Could you set down the lines below, from the one containing "Padrões fractais vívidos" through the final line, exactly as written?
── DATASET CONTENT ──
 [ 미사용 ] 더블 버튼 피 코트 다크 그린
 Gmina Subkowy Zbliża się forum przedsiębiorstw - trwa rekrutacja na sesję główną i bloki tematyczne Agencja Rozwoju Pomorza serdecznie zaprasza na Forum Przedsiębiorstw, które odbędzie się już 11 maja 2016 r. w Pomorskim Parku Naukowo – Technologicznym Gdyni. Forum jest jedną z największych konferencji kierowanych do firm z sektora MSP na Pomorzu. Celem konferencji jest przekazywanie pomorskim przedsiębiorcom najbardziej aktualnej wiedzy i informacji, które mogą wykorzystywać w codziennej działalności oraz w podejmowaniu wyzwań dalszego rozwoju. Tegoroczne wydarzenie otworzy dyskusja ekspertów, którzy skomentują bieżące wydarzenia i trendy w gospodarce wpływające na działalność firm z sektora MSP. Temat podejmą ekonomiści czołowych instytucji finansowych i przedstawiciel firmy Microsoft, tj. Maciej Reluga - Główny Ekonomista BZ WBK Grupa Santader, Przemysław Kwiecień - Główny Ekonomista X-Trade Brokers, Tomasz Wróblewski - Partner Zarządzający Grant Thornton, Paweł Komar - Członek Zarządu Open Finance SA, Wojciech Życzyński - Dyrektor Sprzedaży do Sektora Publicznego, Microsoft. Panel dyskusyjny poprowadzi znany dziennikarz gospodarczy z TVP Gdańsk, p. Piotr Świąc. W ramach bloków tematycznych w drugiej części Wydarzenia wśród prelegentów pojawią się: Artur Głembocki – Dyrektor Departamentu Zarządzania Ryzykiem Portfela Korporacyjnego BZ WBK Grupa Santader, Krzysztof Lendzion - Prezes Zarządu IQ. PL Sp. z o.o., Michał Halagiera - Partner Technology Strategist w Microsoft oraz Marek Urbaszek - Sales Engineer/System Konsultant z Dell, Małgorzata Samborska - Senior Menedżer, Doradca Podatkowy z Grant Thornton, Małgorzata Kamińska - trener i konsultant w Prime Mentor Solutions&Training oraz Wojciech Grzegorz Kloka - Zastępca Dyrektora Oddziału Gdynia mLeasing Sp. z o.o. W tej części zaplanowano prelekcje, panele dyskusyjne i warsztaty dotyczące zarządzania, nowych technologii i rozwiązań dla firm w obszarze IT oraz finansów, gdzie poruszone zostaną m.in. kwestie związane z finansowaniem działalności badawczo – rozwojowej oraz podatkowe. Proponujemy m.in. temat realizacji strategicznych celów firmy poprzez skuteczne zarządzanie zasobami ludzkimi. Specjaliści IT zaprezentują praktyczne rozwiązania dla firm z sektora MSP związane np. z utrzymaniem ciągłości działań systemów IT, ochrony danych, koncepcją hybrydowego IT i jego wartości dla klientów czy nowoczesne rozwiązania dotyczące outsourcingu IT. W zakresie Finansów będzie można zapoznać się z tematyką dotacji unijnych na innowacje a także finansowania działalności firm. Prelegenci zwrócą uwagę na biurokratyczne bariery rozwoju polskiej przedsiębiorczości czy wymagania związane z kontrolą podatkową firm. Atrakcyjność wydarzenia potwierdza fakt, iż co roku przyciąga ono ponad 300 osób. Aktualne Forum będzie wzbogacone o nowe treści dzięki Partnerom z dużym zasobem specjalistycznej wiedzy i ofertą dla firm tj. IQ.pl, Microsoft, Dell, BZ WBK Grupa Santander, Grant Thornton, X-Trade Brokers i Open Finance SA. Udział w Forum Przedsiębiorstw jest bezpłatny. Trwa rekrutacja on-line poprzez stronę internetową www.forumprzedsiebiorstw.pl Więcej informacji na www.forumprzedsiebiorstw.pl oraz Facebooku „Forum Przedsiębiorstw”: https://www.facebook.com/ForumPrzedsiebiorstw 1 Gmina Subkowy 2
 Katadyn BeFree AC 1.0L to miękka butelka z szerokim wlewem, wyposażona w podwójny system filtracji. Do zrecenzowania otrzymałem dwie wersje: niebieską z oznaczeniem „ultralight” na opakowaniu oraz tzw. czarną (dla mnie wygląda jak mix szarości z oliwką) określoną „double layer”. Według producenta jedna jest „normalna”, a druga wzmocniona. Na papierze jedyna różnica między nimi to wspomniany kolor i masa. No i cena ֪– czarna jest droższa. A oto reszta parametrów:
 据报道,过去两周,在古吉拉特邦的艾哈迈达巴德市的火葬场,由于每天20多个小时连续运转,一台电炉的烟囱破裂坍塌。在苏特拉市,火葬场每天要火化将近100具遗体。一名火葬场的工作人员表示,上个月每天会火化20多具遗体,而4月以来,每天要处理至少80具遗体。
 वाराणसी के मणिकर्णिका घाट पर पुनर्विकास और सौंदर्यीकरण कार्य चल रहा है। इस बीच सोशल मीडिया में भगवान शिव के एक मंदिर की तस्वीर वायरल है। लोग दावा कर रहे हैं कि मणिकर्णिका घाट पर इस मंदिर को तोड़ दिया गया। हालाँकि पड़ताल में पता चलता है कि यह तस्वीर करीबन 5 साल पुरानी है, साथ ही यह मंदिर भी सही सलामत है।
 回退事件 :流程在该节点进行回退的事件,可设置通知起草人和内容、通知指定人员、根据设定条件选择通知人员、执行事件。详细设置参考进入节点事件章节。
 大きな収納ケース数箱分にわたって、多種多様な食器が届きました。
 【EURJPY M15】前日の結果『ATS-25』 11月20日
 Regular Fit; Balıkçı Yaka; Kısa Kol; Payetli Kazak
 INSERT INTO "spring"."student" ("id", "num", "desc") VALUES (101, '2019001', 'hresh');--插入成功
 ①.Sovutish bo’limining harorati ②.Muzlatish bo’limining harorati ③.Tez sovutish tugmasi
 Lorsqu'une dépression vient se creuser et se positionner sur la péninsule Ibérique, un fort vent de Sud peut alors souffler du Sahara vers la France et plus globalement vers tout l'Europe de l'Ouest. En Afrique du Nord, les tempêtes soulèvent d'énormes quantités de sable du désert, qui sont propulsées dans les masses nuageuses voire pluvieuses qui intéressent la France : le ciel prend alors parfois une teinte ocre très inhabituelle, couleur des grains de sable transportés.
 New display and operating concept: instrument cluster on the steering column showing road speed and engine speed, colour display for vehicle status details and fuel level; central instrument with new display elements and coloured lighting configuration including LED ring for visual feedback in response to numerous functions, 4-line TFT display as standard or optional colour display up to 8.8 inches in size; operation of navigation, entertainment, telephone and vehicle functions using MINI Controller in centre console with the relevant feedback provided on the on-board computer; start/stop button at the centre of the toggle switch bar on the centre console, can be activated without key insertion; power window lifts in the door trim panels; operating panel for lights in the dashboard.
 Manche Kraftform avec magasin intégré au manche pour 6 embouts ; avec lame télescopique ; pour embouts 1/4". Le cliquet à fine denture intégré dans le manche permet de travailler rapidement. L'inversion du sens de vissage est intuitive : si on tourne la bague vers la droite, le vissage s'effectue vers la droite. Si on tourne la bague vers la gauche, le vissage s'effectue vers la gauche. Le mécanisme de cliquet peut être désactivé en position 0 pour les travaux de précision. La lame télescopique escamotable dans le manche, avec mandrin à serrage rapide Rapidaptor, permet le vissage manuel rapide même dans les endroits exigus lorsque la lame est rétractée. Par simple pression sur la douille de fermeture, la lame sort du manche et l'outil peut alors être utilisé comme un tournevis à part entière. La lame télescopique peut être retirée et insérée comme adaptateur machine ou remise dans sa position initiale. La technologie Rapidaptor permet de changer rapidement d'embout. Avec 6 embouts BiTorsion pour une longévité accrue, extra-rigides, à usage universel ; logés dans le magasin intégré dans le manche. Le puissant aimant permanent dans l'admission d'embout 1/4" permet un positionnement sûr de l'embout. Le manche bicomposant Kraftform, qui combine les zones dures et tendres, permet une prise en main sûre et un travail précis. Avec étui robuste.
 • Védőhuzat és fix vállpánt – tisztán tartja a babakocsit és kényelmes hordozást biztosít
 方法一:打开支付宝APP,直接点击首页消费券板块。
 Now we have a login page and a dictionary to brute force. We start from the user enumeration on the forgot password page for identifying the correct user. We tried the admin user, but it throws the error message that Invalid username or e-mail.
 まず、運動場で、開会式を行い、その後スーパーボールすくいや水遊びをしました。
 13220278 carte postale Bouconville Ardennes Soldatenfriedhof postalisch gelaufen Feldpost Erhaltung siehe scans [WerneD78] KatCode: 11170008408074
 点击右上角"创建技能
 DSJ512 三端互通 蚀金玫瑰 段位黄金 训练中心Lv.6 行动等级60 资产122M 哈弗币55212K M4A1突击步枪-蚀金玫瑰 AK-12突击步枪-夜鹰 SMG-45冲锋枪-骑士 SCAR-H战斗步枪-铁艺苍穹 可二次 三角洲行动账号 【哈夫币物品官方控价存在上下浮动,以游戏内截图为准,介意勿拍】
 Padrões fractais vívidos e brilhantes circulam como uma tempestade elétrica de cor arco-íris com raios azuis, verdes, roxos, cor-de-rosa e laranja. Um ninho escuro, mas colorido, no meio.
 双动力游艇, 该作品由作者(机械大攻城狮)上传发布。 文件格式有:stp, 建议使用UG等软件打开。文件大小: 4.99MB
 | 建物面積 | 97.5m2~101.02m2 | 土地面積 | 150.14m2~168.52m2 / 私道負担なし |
───
TASK ANSWER:
 Padrões fractais vívidos e brilhantes circulam como uma tempestade elétrica de cor arco-íris com raios azuis, verdes, roxos, cor-de-rosa e laranja. Um ninho escuro, mas colorido, no meio.
 双动力游艇, 该作品由作者(机械大攻城狮)上传发布。 文件格式有:stp, 建议使用UG等软件打开。文件大小: 4.99MB
 | 建物面積 | 97.5m2~101.02m2 | 土地面積 | 150.14m2~168.52m2 / 私道負担なし |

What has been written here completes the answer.